**Action item:** Every picture should be left out, but the lines below must be repeated exactly.

(Dataset items)

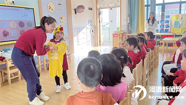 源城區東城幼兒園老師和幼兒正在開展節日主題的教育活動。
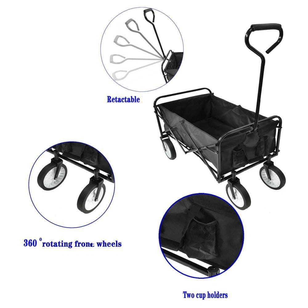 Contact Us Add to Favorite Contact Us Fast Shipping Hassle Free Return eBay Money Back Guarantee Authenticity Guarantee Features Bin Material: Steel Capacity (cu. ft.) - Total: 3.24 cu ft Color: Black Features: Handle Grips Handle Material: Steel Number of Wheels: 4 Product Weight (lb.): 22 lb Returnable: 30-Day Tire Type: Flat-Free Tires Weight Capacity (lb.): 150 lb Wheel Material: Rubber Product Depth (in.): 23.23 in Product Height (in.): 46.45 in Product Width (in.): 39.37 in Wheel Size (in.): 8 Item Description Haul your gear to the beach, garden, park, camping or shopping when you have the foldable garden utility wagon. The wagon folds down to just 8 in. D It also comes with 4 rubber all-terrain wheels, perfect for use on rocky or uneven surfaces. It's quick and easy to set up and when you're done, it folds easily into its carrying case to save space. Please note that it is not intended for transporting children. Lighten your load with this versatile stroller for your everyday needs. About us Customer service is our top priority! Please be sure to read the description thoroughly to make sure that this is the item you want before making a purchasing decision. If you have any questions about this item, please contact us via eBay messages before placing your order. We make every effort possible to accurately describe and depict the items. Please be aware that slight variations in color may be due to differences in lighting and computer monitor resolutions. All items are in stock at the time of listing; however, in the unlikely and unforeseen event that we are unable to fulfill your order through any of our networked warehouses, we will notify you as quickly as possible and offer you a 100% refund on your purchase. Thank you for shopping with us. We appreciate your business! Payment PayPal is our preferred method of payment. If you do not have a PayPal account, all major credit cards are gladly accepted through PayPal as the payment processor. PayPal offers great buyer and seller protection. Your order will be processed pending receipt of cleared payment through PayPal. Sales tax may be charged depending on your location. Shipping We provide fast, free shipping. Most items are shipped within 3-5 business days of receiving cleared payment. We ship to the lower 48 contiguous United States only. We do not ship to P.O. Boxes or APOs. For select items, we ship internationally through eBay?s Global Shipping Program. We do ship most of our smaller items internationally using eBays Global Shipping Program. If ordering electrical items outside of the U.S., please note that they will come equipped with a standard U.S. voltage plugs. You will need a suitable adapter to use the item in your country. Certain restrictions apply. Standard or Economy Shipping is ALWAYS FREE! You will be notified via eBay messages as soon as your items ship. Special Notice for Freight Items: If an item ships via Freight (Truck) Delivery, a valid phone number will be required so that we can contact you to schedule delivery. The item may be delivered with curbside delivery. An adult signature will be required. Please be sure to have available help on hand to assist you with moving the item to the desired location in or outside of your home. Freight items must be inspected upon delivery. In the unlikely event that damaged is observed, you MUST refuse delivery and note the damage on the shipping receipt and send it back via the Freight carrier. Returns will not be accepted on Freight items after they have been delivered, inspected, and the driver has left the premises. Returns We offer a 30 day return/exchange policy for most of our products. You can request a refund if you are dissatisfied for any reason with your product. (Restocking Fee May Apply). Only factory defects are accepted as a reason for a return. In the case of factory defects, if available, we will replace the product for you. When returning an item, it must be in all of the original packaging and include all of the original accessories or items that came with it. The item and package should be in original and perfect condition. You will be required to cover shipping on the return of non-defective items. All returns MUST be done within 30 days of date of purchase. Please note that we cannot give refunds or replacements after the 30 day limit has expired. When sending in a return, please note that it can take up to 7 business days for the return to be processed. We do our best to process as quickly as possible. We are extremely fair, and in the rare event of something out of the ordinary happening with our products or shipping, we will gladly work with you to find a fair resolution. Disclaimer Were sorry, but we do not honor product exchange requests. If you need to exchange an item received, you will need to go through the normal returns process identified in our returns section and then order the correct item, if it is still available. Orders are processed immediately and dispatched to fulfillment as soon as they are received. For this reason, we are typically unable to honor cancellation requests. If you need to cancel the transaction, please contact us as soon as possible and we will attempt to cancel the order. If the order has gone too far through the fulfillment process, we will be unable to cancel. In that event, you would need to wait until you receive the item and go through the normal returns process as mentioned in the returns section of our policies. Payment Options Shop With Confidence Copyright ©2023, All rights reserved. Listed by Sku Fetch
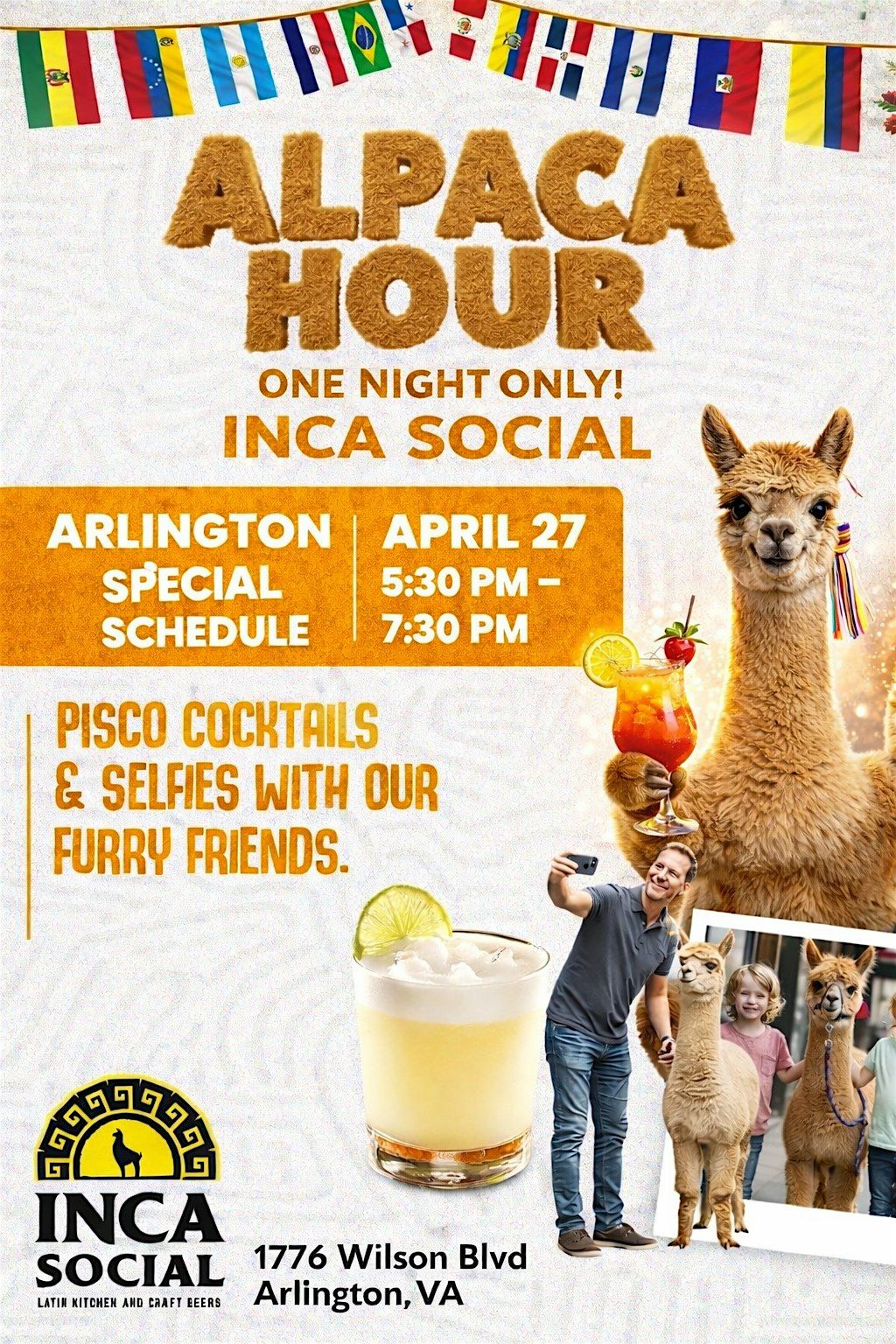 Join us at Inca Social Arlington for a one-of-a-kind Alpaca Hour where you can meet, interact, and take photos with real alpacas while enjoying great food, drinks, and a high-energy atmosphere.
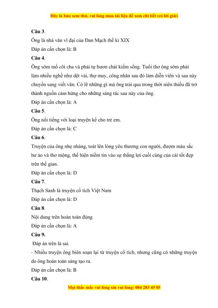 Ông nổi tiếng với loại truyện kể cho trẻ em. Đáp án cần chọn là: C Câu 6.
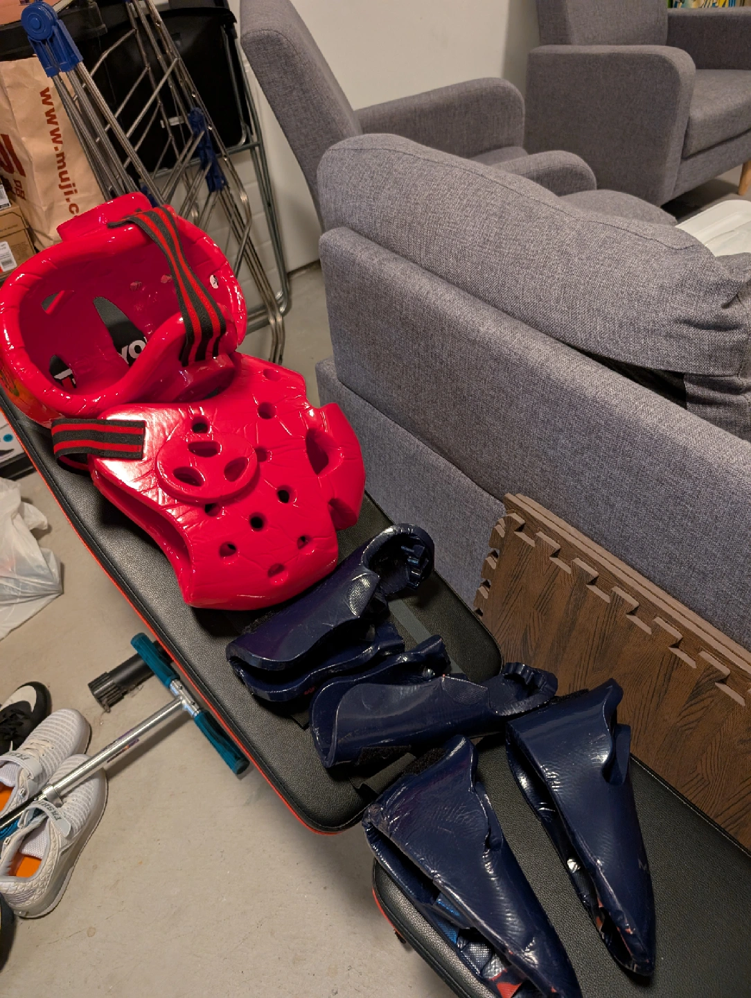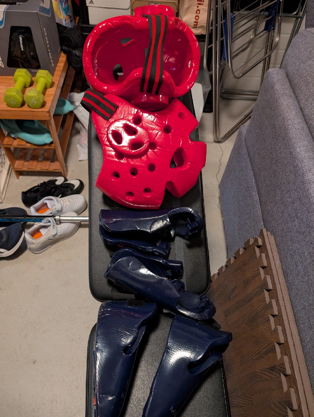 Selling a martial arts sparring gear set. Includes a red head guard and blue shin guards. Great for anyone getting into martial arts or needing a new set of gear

**Output below:**
 源城區東城幼兒園老師和幼兒正在開展節日主題的教育活動。
 Contact Us Add to Favorite Contact Us Fast Shipping Hassle Free Return eBay Money Back Guarantee Authenticity Guarantee Features Bin Material: Steel Capacity (cu. ft.) - Total: 3.24 cu ft Color: Black Features: Handle Grips Handle Material: Steel Number of Wheels: 4 Product Weight (lb.): 22 lb Returnable: 30-Day Tire Type: Flat-Free Tires Weight Capacity (lb.): 150 lb Wheel Material: Rubber Product Depth (in.): 23.23 in Product Height (in.): 46.45 in Product Width (in.): 39.37 in Wheel Size (in.): 8 Item Description Haul your gear to the beach, garden, park, camping or shopping when you have the foldable garden utility wagon. The wagon folds down to just 8 in. D It also comes with 4 rubber all-terrain wheels, perfect for use on rocky or uneven surfaces. It's quick and easy to set up and when you're done, it folds easily into its carrying case to save space. Please note that it is not intended for transporting children. Lighten your load with this versatile stroller for your everyday needs. About us Customer service is our top priority! Please be sure to read the description thoroughly to make sure that this is the item you want before making a purchasing decision. If you have any questions about this item, please contact us via eBay messages before placing your order. We make every effort possible to accurately describe and depict the items. Please be aware that slight variations in color may be due to differences in lighting and computer monitor resolutions. All items are in stock at the time of listing; however, in the unlikely and unforeseen event that we are unable to fulfill your order through any of our networked warehouses, we will notify you as quickly as possible and offer you a 100% refund on your purchase. Thank you for shopping with us. We appreciate your business! Payment PayPal is our preferred method of payment. If you do not have a PayPal account, all major credit cards are gladly accepted through PayPal as the payment processor. PayPal offers great buyer and seller protection. Your order will be processed pending receipt of cleared payment through PayPal. Sales tax may be charged depending on your location. Shipping We provide fast, free shipping. Most items are shipped within 3-5 business days of receiving cleared payment. We ship to the lower 48 contiguous United States only. We do not ship to P.O. Boxes or APOs. For select items, we ship internationally through eBay?s Global Shipping Program. We do ship most of our smaller items internationally using eBays Global Shipping Program. If ordering electrical items outside of the U.S., please note that they will come equipped with a standard U.S. voltage plugs. You will need a suitable adapter to use the item in your country. Certain restrictions apply. Standard or Economy Shipping is ALWAYS FREE! You will be notified via eBay messages as soon as your items ship. Special Notice for Freight Items: If an item ships via Freight (Truck) Delivery, a valid phone number will be required so that we can contact you to schedule delivery. The item may be delivered with curbside delivery. An adult signature will be required. Please be sure to have available help on hand to assist you with moving the item to the desired location in or outside of your home. Freight items must be inspected upon delivery. In the unlikely event that damaged is observed, you MUST refuse delivery and note the damage on the shipping receipt and send it back via the Freight carrier. Returns will not be accepted on Freight items after they have been delivered, inspected, and the driver has left the premises. Returns We offer a 30 day return/exchange policy for most of our products. You can request a refund if you are dissatisfied for any reason with your product. (Restocking Fee May Apply). Only factory defects are accepted as a reason for a return. In the case of factory defects, if available, we will replace the product for you. When returning an item, it must be in all of the original packaging and include all of the original accessories or items that came with it. The item and package should be in original and perfect condition. You will be required to cover shipping on the return of non-defective items. All returns MUST be done within 30 days of date of purchase. Please note that we cannot give refunds or replacements after the 30 day limit has expired. When sending in a return, please note that it can take up to 7 business days for the return to be processed. We do our best to process as quickly as possible. We are extremely fair, and in the rare event of something out of the ordinary happening with our products or shipping, we will gladly work with you to find a fair resolution. Disclaimer Were sorry, but we do not honor product exchange requests. If you need to exchange an item received, you will need to go through the normal returns process identified in our returns section and then order the correct item, if it is still available. Orders are processed immediately and dispatched to fulfillment as soon as they are received. For this reason, we are typically unable to honor cancellation requests. If you need to cancel the transaction, please contact us as soon as possible and we will attempt to cancel the order. If the order has gone too far through the fulfillment process, we will be unable to cancel. In that event, you would need to wait until you receive the item and go through the normal returns process as mentioned in the returns section of our policies. Payment Options Shop With Confidence Copyright ©2023, All rights reserved. Listed by Sku Fetch
 Join us at Inca Social Arlington for a one-of-a-kind Alpaca Hour where you can meet, interact, and take photos with real alpacas while enjoying great food, drinks, and a high-energy atmosphere.
 Ông nổi tiếng với loại truyện kể cho trẻ em. Đáp án cần chọn là: C Câu 6.
 Selling a martial arts sparring gear set. Includes a red head guard and blue shin guards. Great for anyone getting into martial arts or needing a new set of gear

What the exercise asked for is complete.